Recorded data:
......
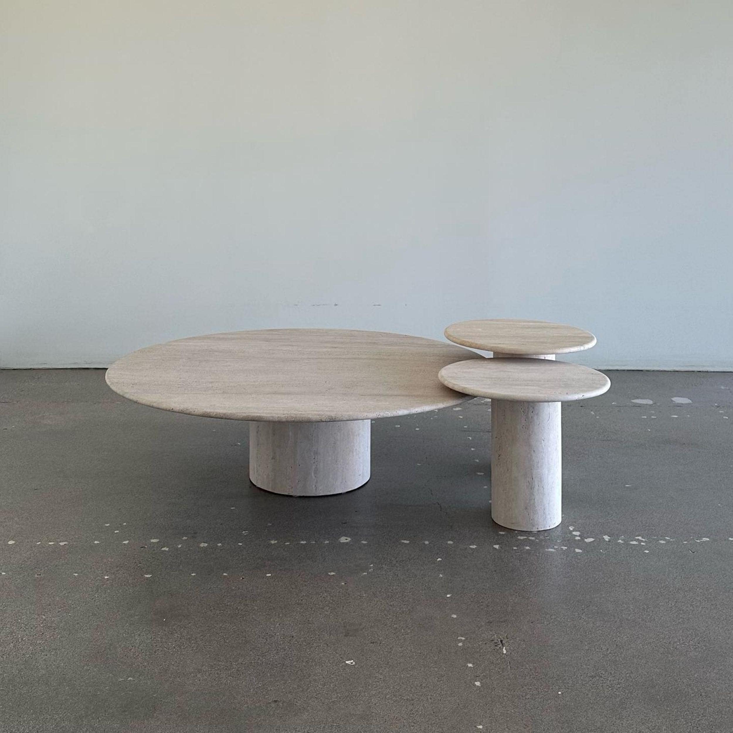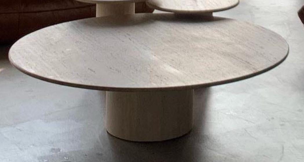 Handcrafted Travertine Coffee Table Set – Round Nesting Tables, Modern Decor
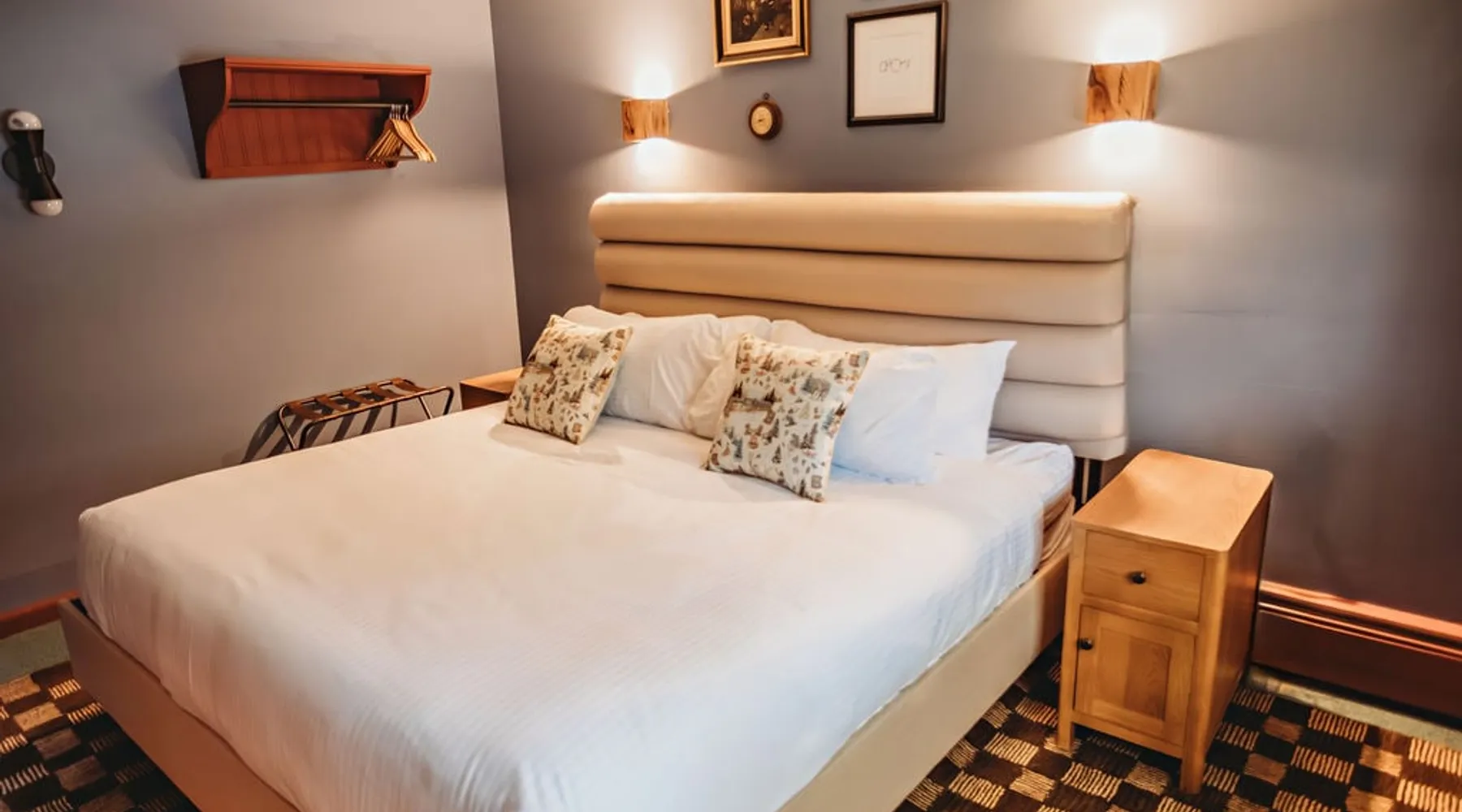 You won’t want to leave this charming, one-of-a-kind place.Complete with all a traveler needs, our Standard Queen Room is fitted with one queen bed. Tailored to your comfort, we’ve added modern updates such as energy-efficient A/C & heating and sound-deadening between rooms. Wake refreshed and start your mountain day with fresh air on the balcony or a wholesome meadow view.
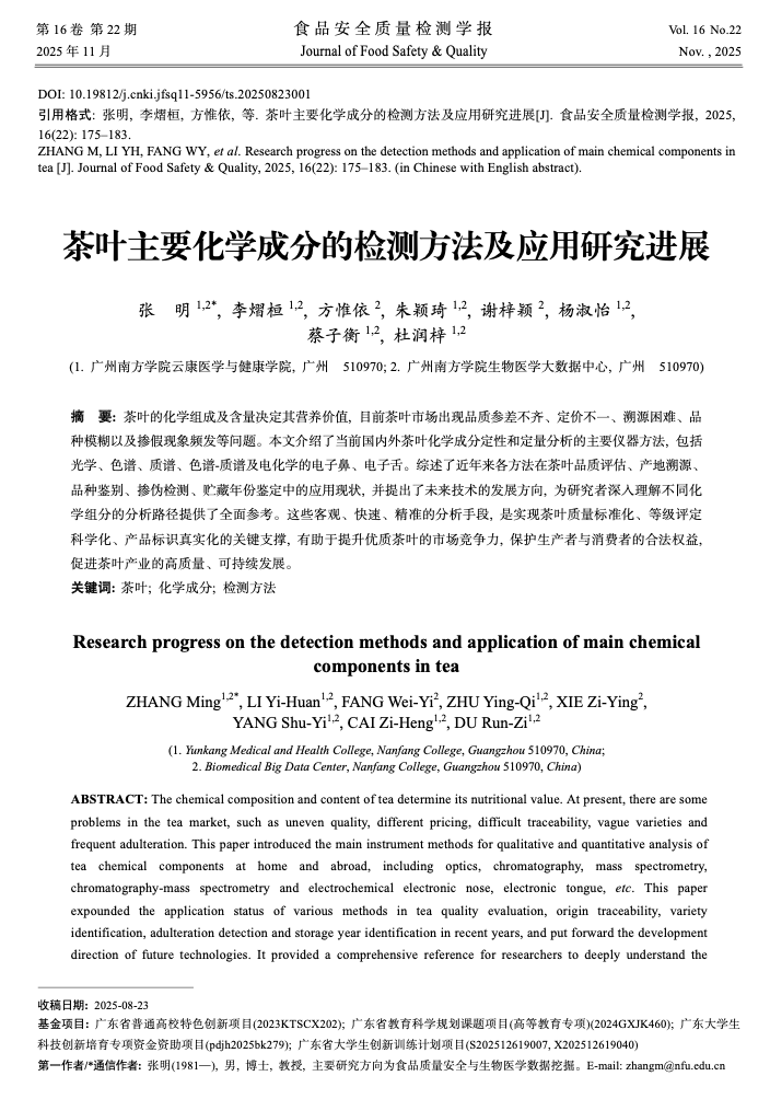 茶叶主要化学成分的检测方法及应用研究进展
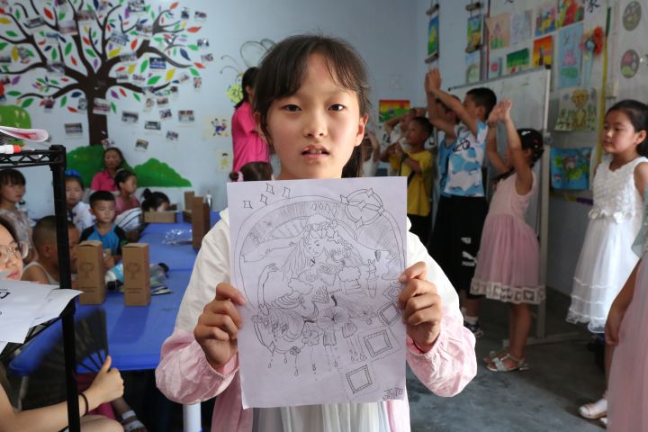 图为小朋友完成的绘画作品。中国青年网通讯员 杜金波 摄
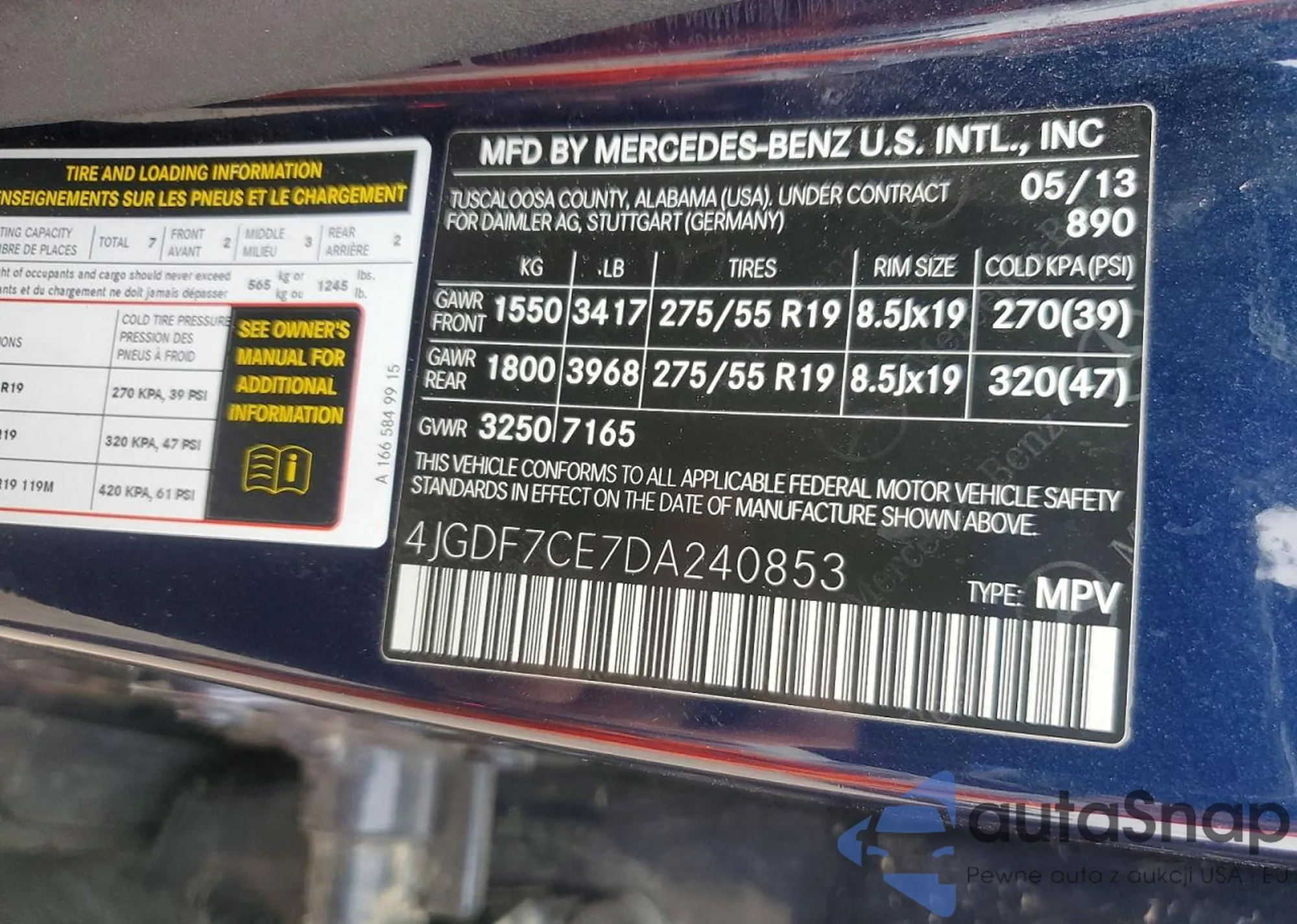 • VIN 4JGDF7CE7DA240853
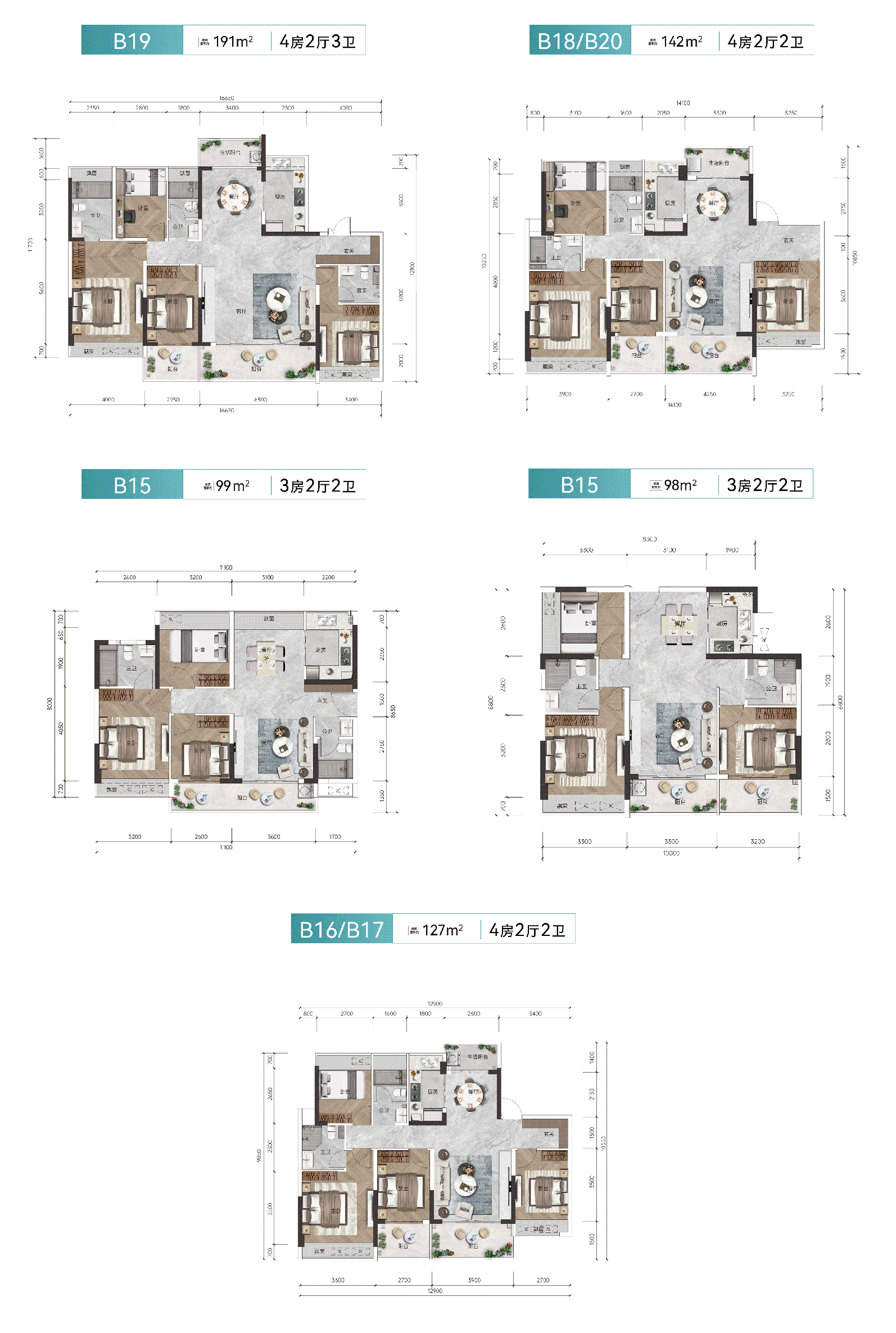 B区则计容约5.2万㎡,定名为科创中心云博汇,主要规划建设6栋14-16层的住宅楼,涵盖住宅总计382套,将主打98㎡、127㎡、142㎡和191㎡产品,户型也均已对外曝光。
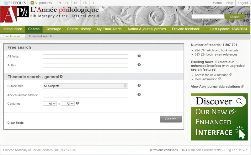 古典学文献年鉴数据库是收录古希腊和罗马文明各方面学术著作的文献数据库。该数据库从1928年出版的第1卷开始,包括各年度索引的所有卷,现已更新至2024年。数据库资源内容涵盖希腊和拉丁文学、语言学(其中包括早期基督教文本和基督教派)、希腊和罗马历史、艺术、考古学、哲学、宗教、神话、音乐等学科领域,以及钱币学、纸莎学和碑文学等分支专业。期刊文章摘要以英语、德语、西班牙语、法语或意大利语提供。图书条目包括目录和书评信息。
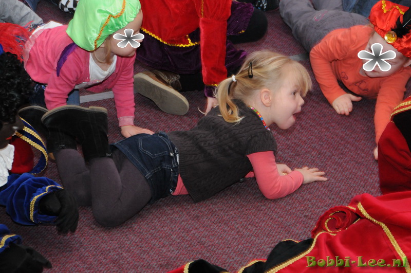 Met z'n alle dansen. De kindjes aan de ene kant en de Pieten aan de andere kant van de lijn. O ja, samen met madam. |
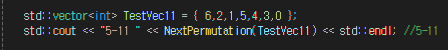 n개의 원소로 만들 수 있는 순열의 갯수는 n!개이다. 순열을 사전 순으로 정렬할때 다음으로 올 순열을 구하라.
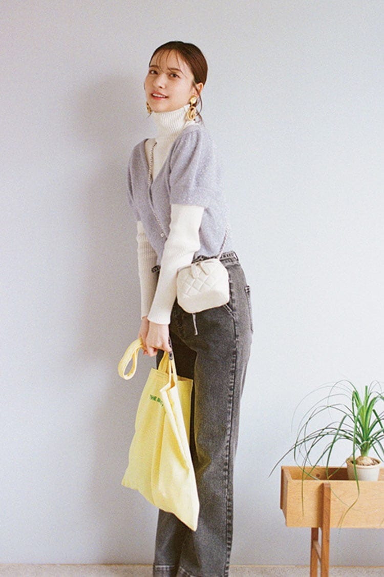 デニムパンツは着回し。白タートルニット 1,870円/レトロガール(R1000)2WAYラメカーディガン 5,390円/OLIVE des OLIVE イヤリング 4,070円/マチルダローズ ミニバッグ 2,990円、イエロートートバッグ 1,990円/ともに神戸レタス Coordinate3 こなれ印象なデニムセットアップコーデ
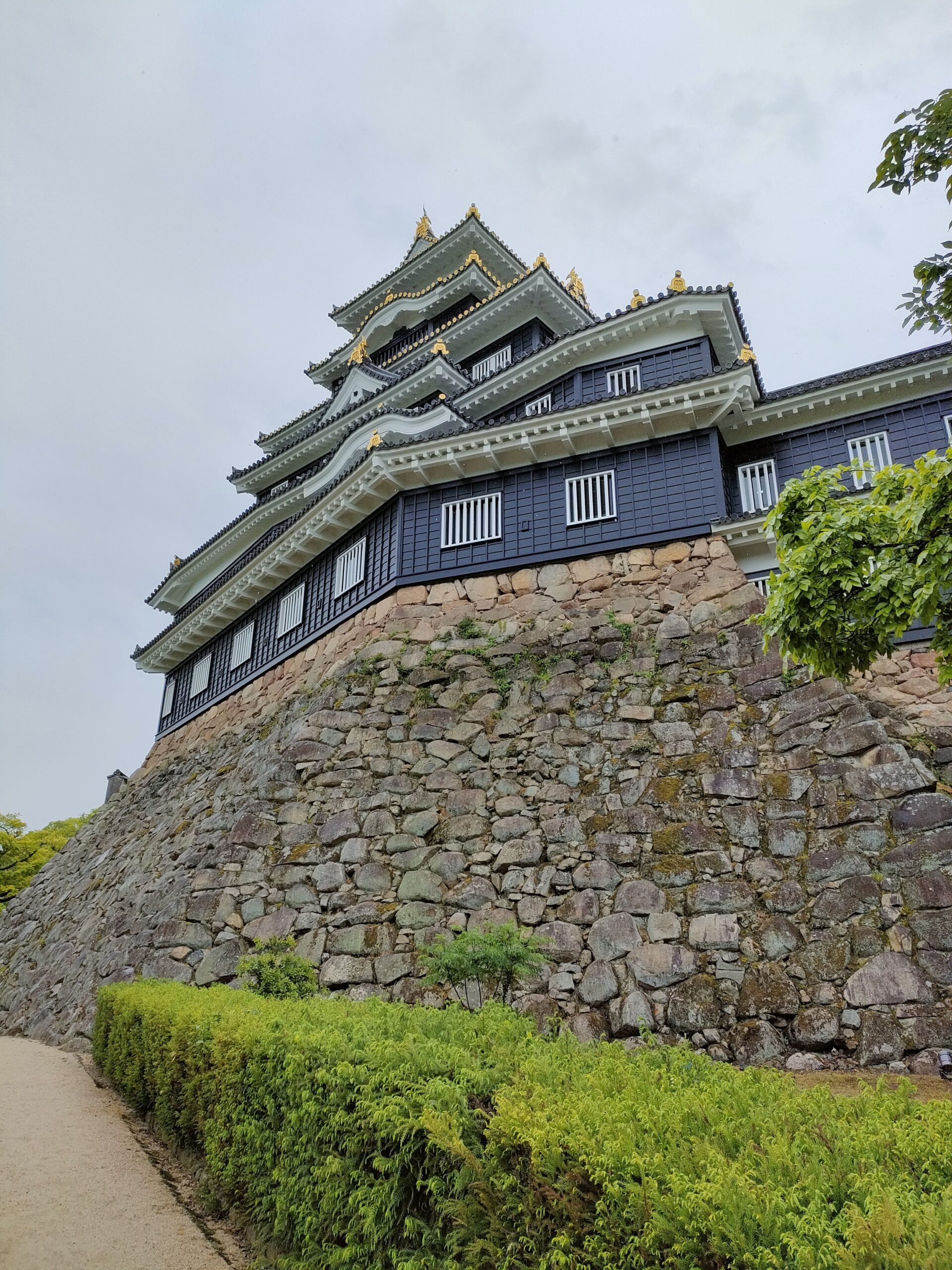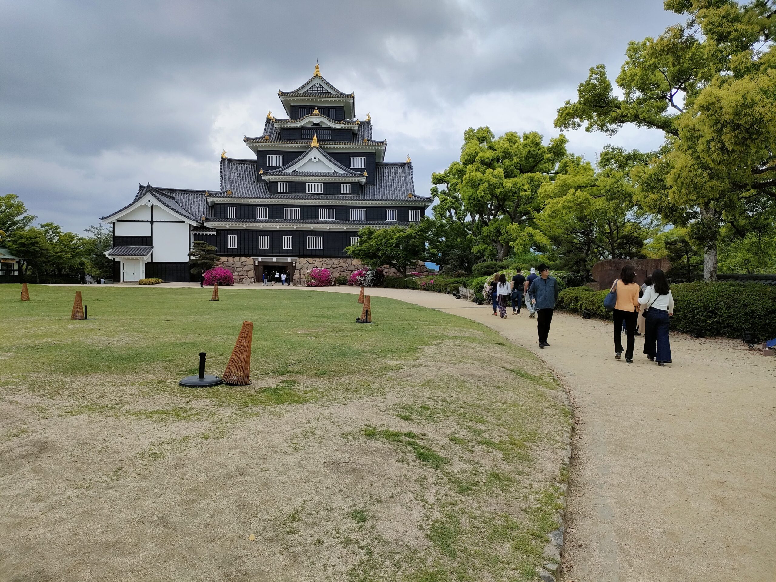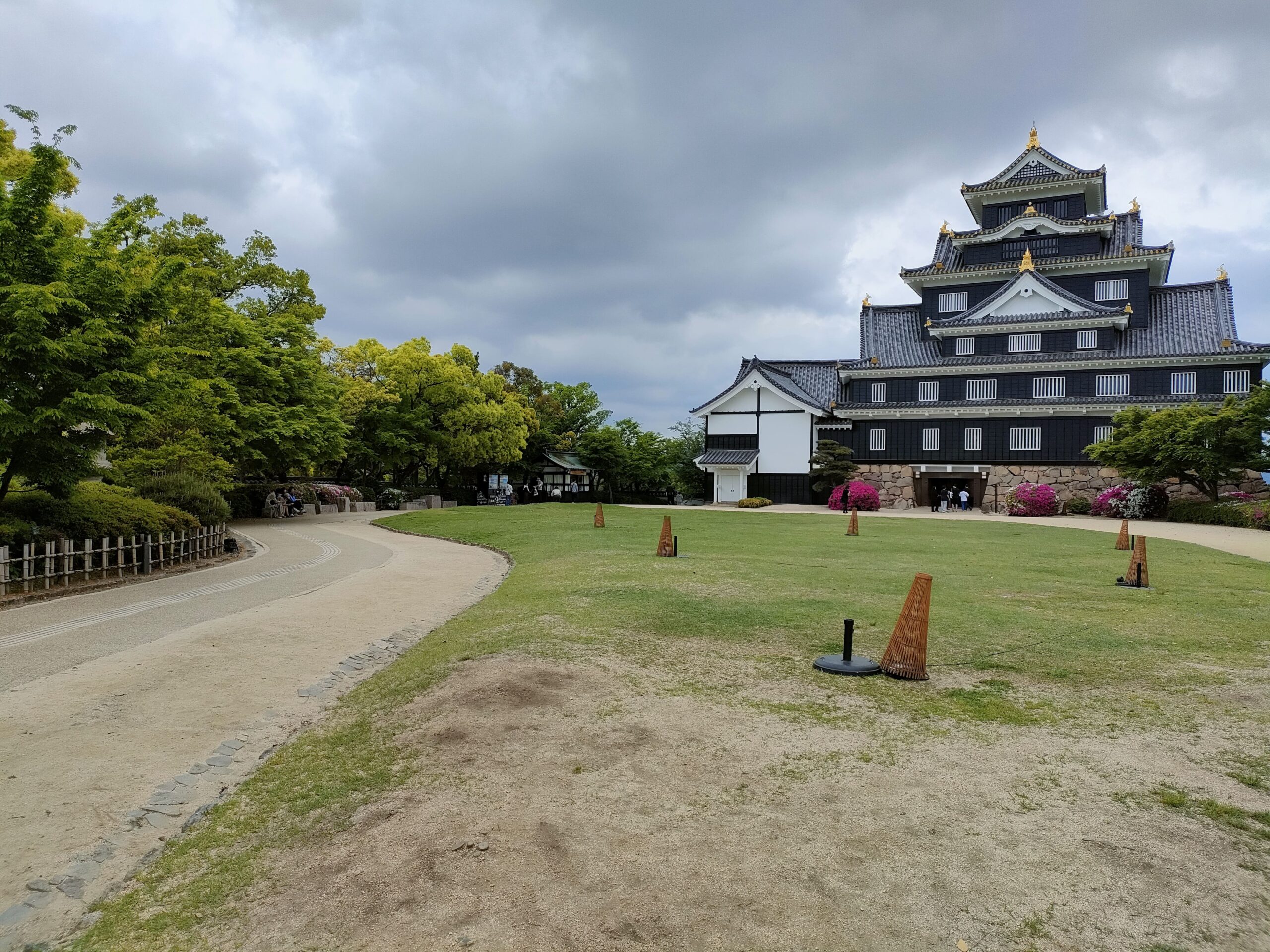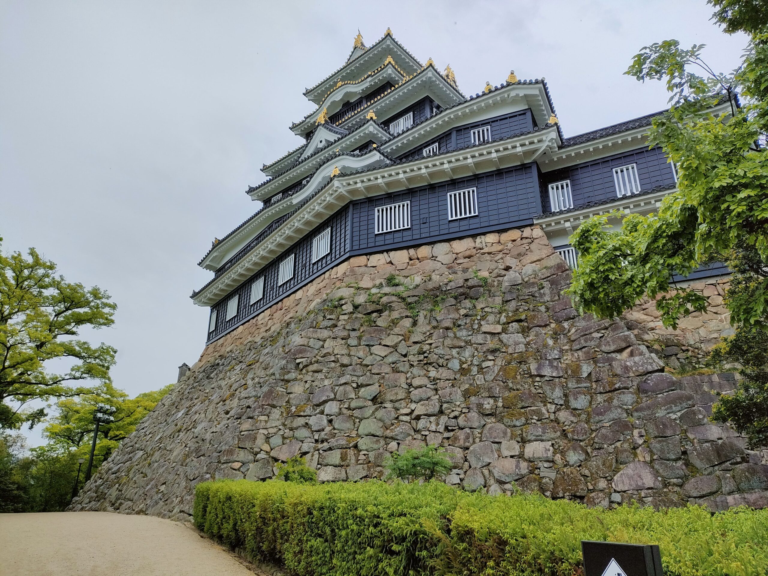 曇り空の下、岡山城を訪れました。岡山城では大丈夫だった雨も、お隣の後楽園を散策することには大雨に。傘をさしながらの散歩となってしまいました。岡山城は期待していた通りのかっこよさでした。黒を基調とした外観は、松本城などと同様に渋さというか重厚さというか、重みを感じます。
......
From the line containing "1,990円/ともに神戸レタス Coordinate3 こなれ印象なデニムセットアップコーデ" through the last line of the entries, copy each line exactly and only those, skipping all pictures.

[Response for this exercise]:
 デニムパンツは着回し。白タートルニット 1,870円/レトロガール(R1000)2WAYラメカーディガン 5,390円/OLIVE des OLIVE イヤリング 4,070円/マチルダローズ ミニバッグ 2,990円、イエロートートバッグ 1,990円/ともに神戸レタス Coordinate3 こなれ印象なデニムセットアップコーデ
 曇り空の下、岡山城を訪れました。岡山城では大丈夫だった雨も、お隣の後楽園を散策することには大雨に。傘をさしながらの散歩となってしまいました。岡山城は期待していた通りのかっこよさでした。黒を基調とした外観は、松本城などと同様に渋さというか重厚さというか、重みを感じます。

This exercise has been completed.